I used to make New Years Resolutions, don't anymore. I never keep them. I have goals for the year. Hmm, is there a different? To me, goals sound more...tangible.

Since I'm finished with school, I have a lot of planning to do. You know the whole- what do I do now kind of thing. Fortunately, I've been giving this a lot of thought so; I have an idea of what I want to do.

First on my list- get a job. This one has a giant star beside it and probably needs its own post. As they say, getting a full-time job is a full-time job and it's gotten much harder since I'm competing with like hundreds of people. Job hunting has become more like marketing. This is good practice since the success of an author rests on how well they promote their book.

Next, I want to finish my novel by mid-January so others can read it. This has a huge star beside it too. I still have a lot of editing to do but if I work on it every day, I should be finished in time. I'm forming a plan of attack for what to do after this novel is finished. Some details still need to be ironed out.
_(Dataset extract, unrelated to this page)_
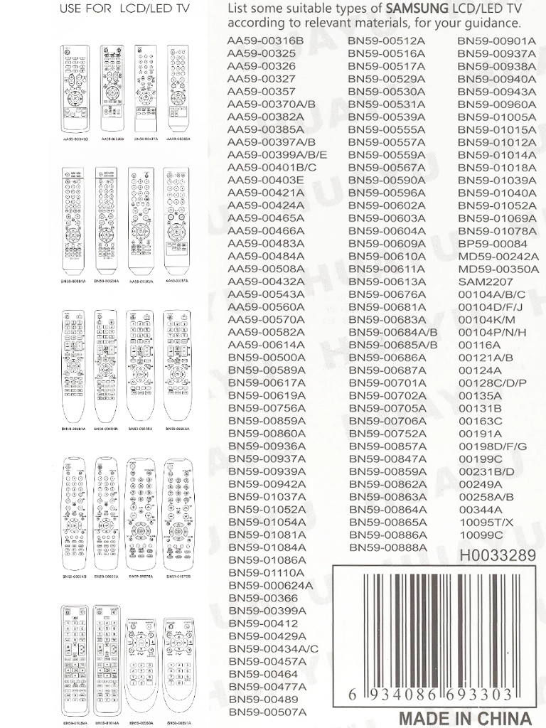 AA59-00316B BN59-00512A BN59-00901A AA59-00325 BN59-00516A BN59-00937A AA59-00326 BN59-00517A BN59-00938A AA59-00327 BN59-00529A BN59-00940A AA59-00357 BN59-00530A BN59-00943A AA59-00370A/B BN59-00531A BN59-00960A AA59-00382A BN59-00539A BN59-01005A AA59-00385A BN59-00555A BN59-01015A AA59-00397A BBN59-00557A BN59-01012A AA59-00399A/B/E BN59-00559A BN59-01014A AA59-00401B/C BN59-00567A BN59-01018A AA59-00403E BN59-00590A BN59-01039A AA59-00421A BN59-00596A BN59-01040A AA59-00424A BN59-00602A BN59-01052A AA59-00465A BN59-00603A BN59-01069A AA59-00466A BN59-00604A BN59-01078A AA59-00483A BN59-00609A BP59-00084 AA59-00484A BN59-00610A MD59-00242A AA59-00508A BN59-00611A MD59-00350A AA59-00432A BN59-00613A SAM2207 AA59-00543A BN59-00676A 00104A/B/C AA59-00560A BN59-00681A 00104D/F/J AA59-00570A BN59-00683A 00104K/M AA59-00582A BN59-00684A/B 00104P/N/H AA59-00614A BN59-00685A/B 00116A BN59-00500A BN59-00686A 00121A/B BN59-00589A BN59-00687A 00124A BN59-00617A BN59-00701A 00128C/D/P BN59-00619A BN59-00702A 00135A BN59-00756A BN59-00705A 00131B BN59-00859A BN59-00706A 00163C BN59-00860A BN59-00752A 00191A BN59-00936A BN59-00857A 00198D/F/G BN59-00937A BN59-00847A 00199C BN59-00939A BN59-00859A 00231B/D BN59-00942A BN59-00862A 00249A BN59-01037A BN59-00863A 00258A/B BN59-01052A BN59-00864A 00344A BN59-01054A BN59-00865A 10095T/X BN59-01081A BN59-00886A 10099C BN59-01084A BN59-00888A H0033289 BN59-01086A BN59-01110A BN59-000624A BN59-00366 BN59-00399A BN59-00412 BN59-00429A BN59-00434A/C BN59-00457A BN59-00464 BN59-00477A BN59-00489 934086 693303 BN59-00507A

I'll also add being more active on Social Media, cause I really need to be. That requires its own plan of attack. Social Networking is a lot of fun but a lot of work and it can be time consuming if you let it.

I've been slacking off on my reading and obviously, my writing is suffering. I need to do something about that. I'm reading this fantasy book and noticing it's gotten easier for me to form scenes for my novel.

I'll have more goals and more plans down the line. Hopefully, by then, I'll have nailed down a plan for these.